Gluten Free Chocolate Truffle Slice
Total Time: 2 Hours 45 Minutes
This truly indulgent layered rich and creamy chocolate gateau is just perfect for an extra-special celebration!
All You Need Is ...
Cake and Frosting
- 1 box Betty Crocker™ Gluten Free Devil's Food Cake Mix
- 4 extra large eggs
- 1 cup (250ml) water
- 1/2 cup (125ml) vegetable oil
- 190g butter, softened to room temperature
- 1 tablespoon milk
Filling and Decoration
- 200g dark chocolate (at least 70% cocoa solids), finely chopped
- 350ml double cream
- 2 tablespoons cocoa powder
Betty's Easy Steps
- Preheat the oven to 180°C (160°C fan forced). Grease a 26cm x 38cm or 23cm x 33cm baking pan and line the base and sides with baking paper.
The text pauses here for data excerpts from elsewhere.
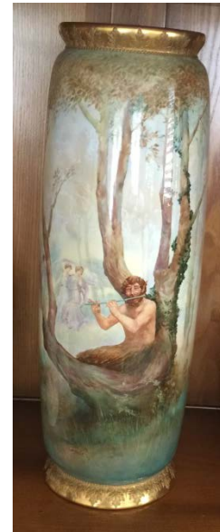
V31. Doulton vase (ht 450mm).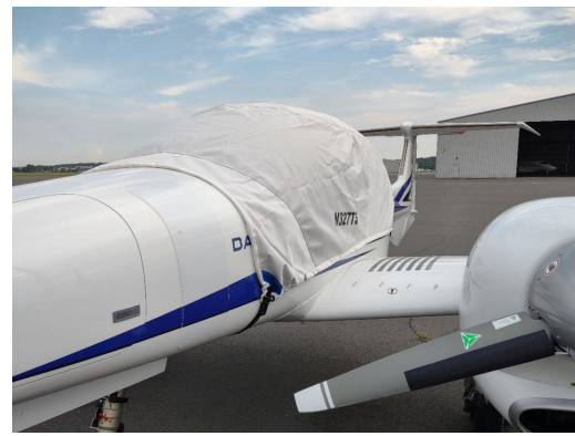
Diamond DA-42 Twin Star Canopy Cover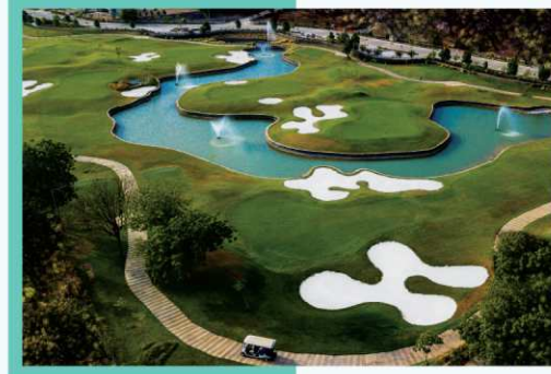
ARVIND UPLANDS Ultra-luxury golf villas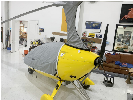
Autogyro Calidus Gyrocopter Canopy/Nose & Rotor Hub/Mast Cover

- Mix the cake mix, eggs, water and oil in a large bowl with electric mixer on low speed for 30 seconds, then on medium speed for 2 minutes (do not eat batter as it contains raw eggs).
- Pour the cake batter into the prepared pan and gently level the surface. Bake for 20-25 minutes or until just firm to the touch and a skewer inserted into the centre of the cake comes out clean. Cool in the pan for 10 minutes then turn out onto a wire rack and leave to cool completely.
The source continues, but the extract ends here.